In all the solid phase systems described above, each solid phase used therein has a substantially uniform surface composition designed to bind to a nucleic acid of interest, in the form of a silica or silica gel surface, or in the form of a silica gel or polymer surface modified with chemical groups exhibiting anion exchanger activities. Bimodal and multimodal systems have also been developed, in which multiple columns each of which contains a solid phase modified with a different chemical group from the other columns in the system (e.g., Wheatley J. B., J. Chromatogr. (1992) 603: 273), or in which a single column is used with a single solid phase with at least two different chemical groups (e.g., U.S. Pat. No. '680; Little, E. L. et al., Anal. Chem. (1991) 63: 33). Each of the chemical groups on the surface of the solid supports in the single column or multicolumn multimodal systems is configured to bind to different materials in whatever substrate is introduced into the system. Only a few such bimodal or multimodal column chromatography systems have been developed specifically for nucleic acid isolation (see, e.g. U.S. Pat. No. 5,316,680). Surface group combinations used in such solid phase systems include reverse phase, ion exchange, size exclusion, normal phase, hydrophobic interaction, hydrophilic interaction, and affinity chromatography. Such systems are designed such that only one of the surface groups binds a target species, such as a nucleic acid, while the other surface group(s) bind to and remove one or more non-target species in a mixture.

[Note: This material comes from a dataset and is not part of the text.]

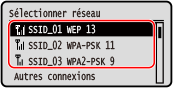 Préparez les informations du routeur du réseau local sans fil (SSID ou clé réseau) auquel vous voulez vous connecter et gardez-les à portée de main. Informations requises pour la connexion du routeur LAN sans fil Lors de la connexion à un routeur du réseau local sans fil prenant en charge la norme de sécurité WPA-EAP ou WPA2-EAP, définissez IEEE 802.1X. Utilisation d'IEEE 802.1X |

The bimodal and multimodal systems are far from simple, efficient alternatives to conventional organic or resin methods of nucleic acid isolation described above. Multi-column systems are inherently complex to run, as each column has requires a unique set of mobile phase conditions to bind and/or release the desired target or non-target species bound to the stationary solid phase of the system. Non-target species tend to block adjacent functional groups configured to bind to the target species, thus adversely affecting overall yield. Also, all the bimodal or multimodal systems are only designed to separate a target species from other species for which functional groups have affinity.
Materials and methods are needed which can quickly, safely, and efficiently isolate target nucleic acids which are sufficiently free of contaminants, particularly endotoxins, to be used in molecular biology procedures. The present invention addresses the need for materials and methods which provide a rapid and efficient means for isolating target nucleic acids from any mixture of target nucleic acids and contaminants, including lysates of gram-negative bacteria, thereby providing purified nucleic acids which can be used in a variety of biological applications, including transfection of cultured cells and in vivo administration of nucleic acids to organisms.